The wind sighs soothingly in the crowns of the trees. Like Anni’s wooden spoon in a pot. The branches sway from side to side, offering no resistance. Allow themselves to be rocked to sleep. Not long ago Hjalmar thought the birdsong was hurting his ears. It sounded like knives being sharpened by rubbing against each other. But now it sounds quite different. A chirping and chirruping. A woodpecker is hammering at a tree trunk in the distance.
Hjalmar lies down on his side.
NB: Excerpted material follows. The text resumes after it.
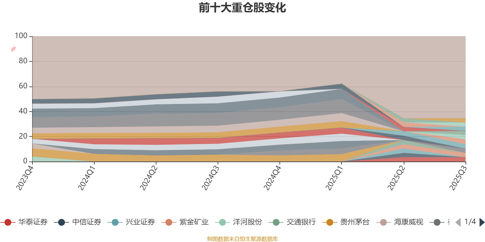 截至2025年三季度末,基金十大重仓股分别是澜起科技、药明康德、华泰证券、正泰电器、紫金矿业、华域汽车、时代电气、宝丰能源、中国中车、福耀玻璃。

Water drips from the roof of the shelter.
A sentence comes into his mind: “Therefore is my spirit overwhelmed within me; my heart within me is desolate.” Where does it come from? Is it something he’s read in the Bible in his cottage at Saarisuanto?
Why should one have to worry about things that happened in the past? When his father held his head under the icy water. That was fifty years ago. He never thinks about it; why would he start now?
His eyes close. The snow sighs in the forest, made weary by the coming of spring. The sun is roasting hot. Hjalmar dozes off in the warmth of the shelter.
He is woken up by a presence. Opens his eyes and at first sees only a shadow blocking out the sun. Shaggy and black.
Like a shot he is wide awake. A bear.
It stands up on its hind legs in front of him. Hjalmar can make out more than the mere outline. Its snout, its fur. Its paws and claws. For three long seconds it stands still, staring him in the eye.
It’s curtains, Hjalmar thinks.
Three more seconds. During those three seconds, everything in Hjalmar comes to a standstill.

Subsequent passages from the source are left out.